George C. Bates was the fifth U. S. Attorney for the District of Michigan and he served in the 1840s and 50s. Bates had great energy and perseverance during a time of change in the district.

Cheap land brought tens of thousands of farmers and tradesmen to Michigan from the Northeast as well as

every country in Western Europe. Transportation and communication were revolutionized by such developments as the telegraph, daily newspapers, faster mail service, railroads and steamships.

The growing pains from these changes swelled the federal court caseloads to the breaking point.

Bates headed an expedition to the Upper Peninsula to retrieve a huge piece of pure copper which was being used as a religious object by the Chippewa Tribe.

Bates secured the revenue cutter Erie to accompany the rock through the Erie Canal to Washington, D.C. where it was exhibited in the Smithsonian Museum.

Bates lost his most famous case, the prosecution for counterfeiting and fraud of James Jesse “King” Strang, a Mormon leader living with his followers on Beaver Island.

Strang had declared himself God’s Viceroy on Earth. Bates led a team of Marines on the USS Michigan, the Navy’s first iron-hulled warship, from Detroit to Mackinac to arrest Strang and several others. The trial was a national media circus.

Strang, arguing religious persecution, represented himself and the other defendants and the jury acquitted all of the defendants.

Whatever his prowess in the courtroom, no one could doubt Bates’ pioneer lawyer spirit. After completing his term, he moved to California to practice law, then to Chicago where his law practice was destroyed by the Great Chicago Fire.

Almost broke, he became the territorial U.S. Attorney in Utah where he attempted with limited success to prosecute Brigham Young and his followers for polygamy.

The effort, however, contributed to the Church’s eventual realization that the practice would have to be eliminated before Congress would approve Utah for statehood.

Henry Billings Brown and Frank Murphy

Two members of the U. S. Attorney’s Office have become Supreme Court Justices, Henry Billings Brown and Frank Murphy. In 1860 Brown became the first Assistant U. S. Attorney in the district and he developed into a national expert in admiralty and patent law.

Unfortunately, he will always be remembered for his opinion in Plessey v. Ferguson, in which the Court upheld the separate but equal doctrine of racial segregation.

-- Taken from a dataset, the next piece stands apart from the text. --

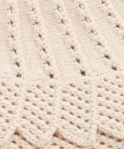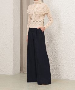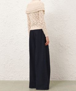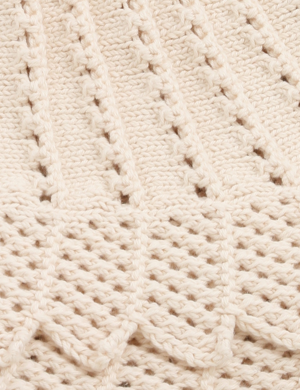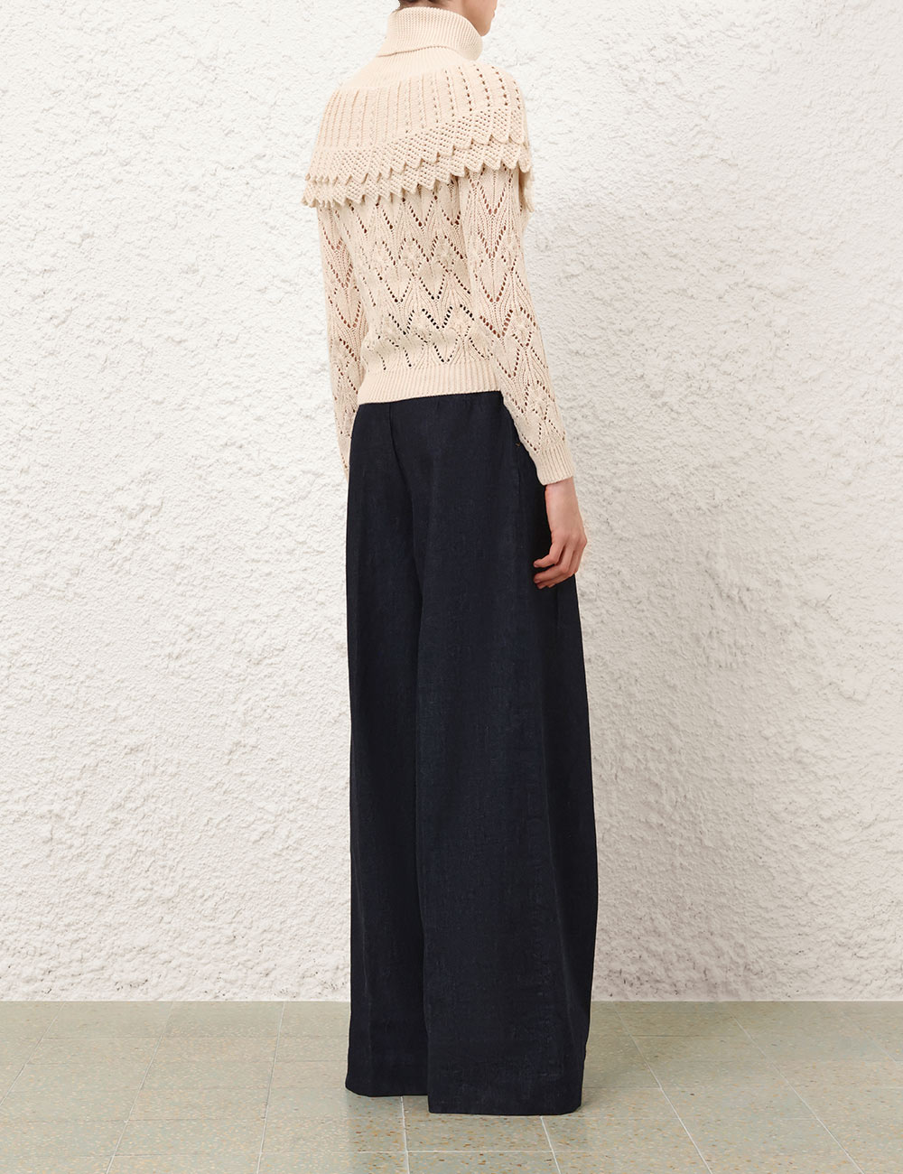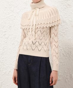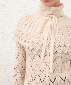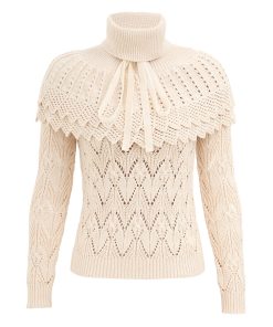 The Hypnotic Ruffle Collar Sweater in Chalk from our Fall 2025 Collection, Hypnotic. A crochet sweater featuring a ribbed turtleneck with a velvet necktie and a tiered, over shoulder cape detail. crochet turtleneck sweater, ribbed at collar, cuffs and hem, layered cape detail over the shoulders, crochet detailing with sheer panelling throughout

Frank Murphy’s tenure as an Assistant (1919-1921) left a lasting impact which affected him throughout his judicial career. As a trial attorney he learned the devastating effects a criminal prosecution could

have on a defendant and his family but he aggressively pursued violent and professional criminal.

On the Supreme Court Justice Murphy’s opinions on labor relations and constitutional rights made significant contributions to the law.

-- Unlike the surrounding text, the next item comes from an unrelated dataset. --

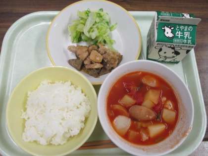 今日の献立は、ごはん、牛乳、冬野菜のミネストローネ、鶏肉とレバーのネギソース、ゆでキャベツです。
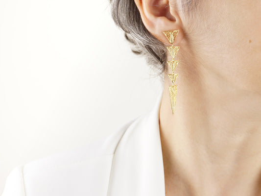 Boucles d'Oreilles Longues aux Triangles, Filigrane Portugaise, Argent 925 Doré

Prohibition U. S. Attorneys

The six U. S. Attorneys and the dozen Assistants who served during Prohibition (1920-1932) deserve more than the glancing treatment possible in this speech.

Prohibition was not only a failed social experiment but one which had significant and lasting negative consequences for the nation, including massive court congestion, delayed access to the courts by other litigation, pervasive violation of the law and corruption.

Nowhere in the nation were these consequences more evident than in the Eastern District of Michigan where more than a quarter of the national enforcement budget was spent. During Prohibition Detroit went from having 1,250 bars to over 10,000. The federal district court’s annual caseload skyrocketed from about 300 to almost 3,000 cases.

Although the federal criminal justice system was not perfect during this deluge of cases and rampant crime, the Herculean efforts of Judge (and former U. S. Attorney) Arthur Tuttle and the attorneys in

the U. S. Attorney’s Office kept the system from breaking down completely.

They prosecuted corrupt law enforcement and public officials, processed the flood of cases which inundated the court, and contended with the lack of public cooperation as best they could.

The ordeal did have some positive results. Many of the office management reforms they used and the development of specialized law enforcement agencies with training and modern methods, continued after Prohibition.

John C. Lehr

The longest serving U. S. Attorney in the district was John C. Lehr. He began his term in 1936 by supporting President Franklin Roosevelt’s response to the economic crisis brought on by the Depression.

Dozens of new federal programs were instituted, and hundreds of thousands of people from Michigan participated in public works programs.

This change in the role of the federal government, particularly the Executive Branch, in American life resulted in a steady increase in litigation in federal courts. The agencies established during this period not only became a powerful force for proactive government, but also introduced modern methods of administration.

One of the reforms which changed the duties and procedures of both of these offices was the independent management of the affairs of the judiciary. The federal courts had for more than a century been assigned to the Justice Department. This was an awkward relationship. Finally Congress created the Administrative Office of U. S. Courts.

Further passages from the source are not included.